Le Constantin de Veyne ne ressemble guère à celui, d’ailleurs imprécis, dont la légende persiste. Il s’était rapproché de la foi chrétienne bien avant que survienne le rêve lui promettant la victoire militaire s’il arborait le signe du Crucifié. Différent de Clovis, Constantin retarde d’ailleurs son baptême le plus possible. Comme on lui a garanti que le baptême efface tous les péchés, il attend son heure dernière pour le demander, comme s’il savait au moment de la conversion qu’il devrait commettre encore quelques crimes ! Veyne croit à la sincérité de Constantin : il devenait chrétien alors que l’Empire demeurait païen à 90 %. Constantin étonnera par d’autres aspects encore de sa politique.

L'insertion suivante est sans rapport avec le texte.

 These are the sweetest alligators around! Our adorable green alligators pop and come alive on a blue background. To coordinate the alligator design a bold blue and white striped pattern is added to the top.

Il ne force personne à le suivre, à moins qu’il s’agisse de sa maison personnelle. Il ne persécute personne, lui qui a grandi à une époque où l’on pourchassait les croyances marginales. Diviniser l’empereur ne lui vient pas à l’idée. Il exprime une vive répulsion devant les combats de gladiateurs et les sacrifices sanglants. Le profond sens politique de Constantin explique ainsi, au moins pour une part, que le christianisme se soit durablement implanté en Europe. Sans ce flair impérial à la fois audacieux et mesuré, ce culte n’aurait peut-être été qu’une parenthèse.

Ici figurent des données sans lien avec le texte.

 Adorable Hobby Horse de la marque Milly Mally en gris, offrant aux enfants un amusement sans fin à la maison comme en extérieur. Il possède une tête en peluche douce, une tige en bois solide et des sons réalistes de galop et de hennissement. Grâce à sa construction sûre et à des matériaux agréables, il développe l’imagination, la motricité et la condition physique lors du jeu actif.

Peul Veyne fait plus que préciser les traits d’un illustre inconnu. Il remet en question nombre d’idées imprudemment convenues. Si le césaro-papisme a perdu du terrain, ce n’est pas à cause du christianisme ; pendant longtemps, le monothéisme judaïque a admis que d’autres dieux existaient, mais ils ne faisaient pas le poids contre Yahvé ; le premier temple construit par Salomon mesurait au plus vingt-sept mètres de longueur, ce dont nos longues maisons autochtones étaient capables ; la notion même de création était trop abstraite à l’époque pour qu’on la détecte dans les premiers récits bibliques… Audace et rigueur admirables.